Listen to the Fortified Niche episode.

Bernard Cornwell once wrote the Sharpe novel series, which became the basis for the Sharpe TV series, and the rest is Sean Bean history. Sharp Practice draws heavily on that literary tradition, but instead of being a role playing game, it is a solid black powder-era skirmish with some RP elements sprinkled on top. No kickass electric guitar opening, however.

Like any Lardie title, Sharp Practice is heavy on activation weirdness. In this title, every leader is assigned a card, which are then mixed into a common deck together with four command cards per player, and a tiffin card. A leader is activated when their card is drawn, at which point they can spend initiatives (action points) activating and/or managing troops under their command. A troop can be activated once a turn to do two actions like moving, shooting, reloading, presenting, etc..

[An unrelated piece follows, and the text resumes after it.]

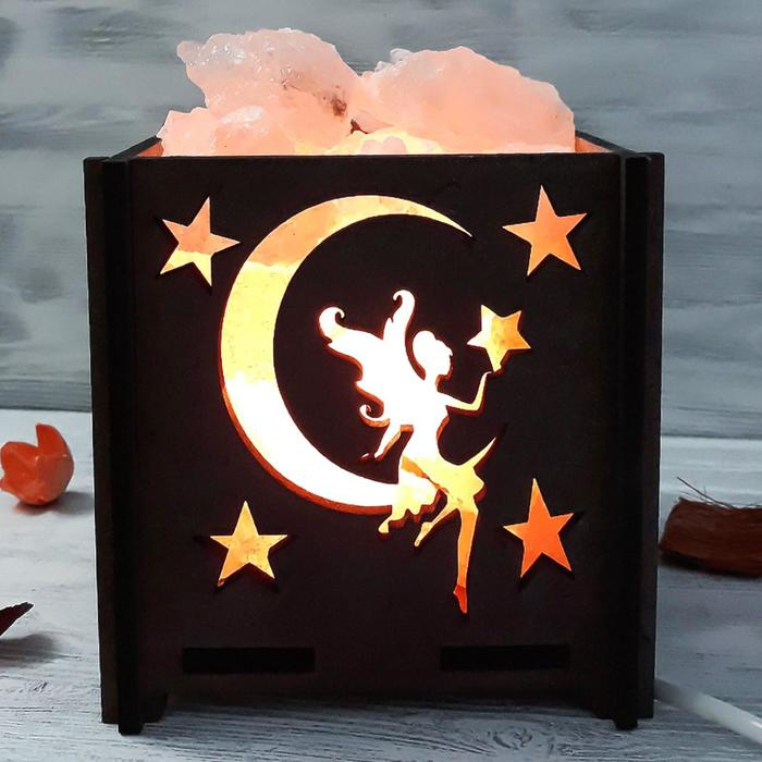 Светильник «Фея» — это эстетическая часть интерьера и осветительный прибор одновременно. Лампа из соли является дополнительным источником света и даёт мягкое успокаивающее свечение. Идеально подходит в качестве ночника.

However, the turn ends when a tiffin card is drawn, so you’re not guaranteed leader activations. Meanwhile, a command card is closer to Chain of Command point (or Warhammer Command Point) and you need several to activate a unit (which is not the same as leader activation). And rallying doesn’t count as an activation. Also, if tiffin is the first card drawn, the chapter e-

Suffice to say, the activation system is where the magic happens. After all, TFL are big believers in command and control being the hard/interesting part of war – shooting guys is relatively easy. Well, maybe not literally in Sharp Practice: stack modifiers as much as you want, you’ll only kill on a d6 roll of 6. However, shock is much easier to pile on, and shock can make a unit useless even if its unharmed.

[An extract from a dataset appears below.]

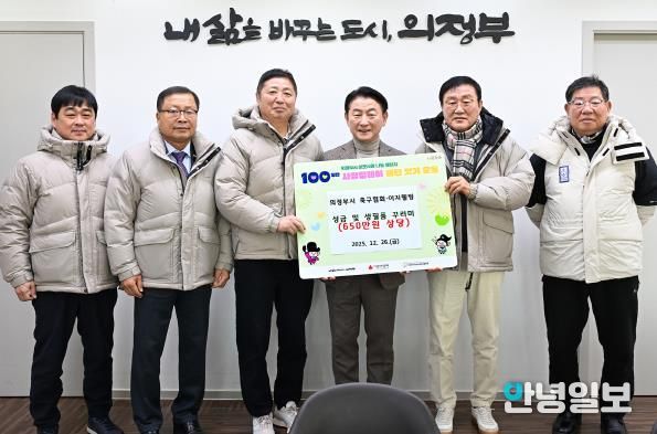 안녕일보 배윤 기자 | 의정부시는 12월 26일 의정부시축구협회가 帤일간 사랑릴레이 배턴 잇기’에 동참해 성금 300만 원과 350만 원 상당의 생필품 꾸러미를 기부했다고 밝혔다.

Now, one of the most amazing revelations to come from Sharp Practice is how units are defined by their ability rather than equipment. For those of us who come from bad game milieu, the value of a unit is often in its accuracy, armor, and five annoying guns. In Sharp Practice, all muskets are created equal, accuracy is a myth, and armor is an atavism. A good unit is a unit that can maintain formation better, is easier to control and that, if necessary, perform special maneuvers in a more efficient manner. I wish more games had that!

A couple more games, if genre appropriate, could also have the light role-play elements of Sharp Practice. Sharpe novels are about larger-than-life characters living their drama in the shadow of drifting clouds of back powder smoke. So there are rules for rolling up characteristics for your leaders, as well as how they’re supposed to act if encountering a lady of breeding, a chance for a bribe, or a surrendering enemy. Just wish the rules in the game where more stringently mechanically defined as well as equipped with more examples for those less well versed in classical literature.

Sharpe Practice v2 kicks ass. If you had to make me choose between it and Muskets & Tomahawks, I’d shoot myself with a black powder pistol. Play both.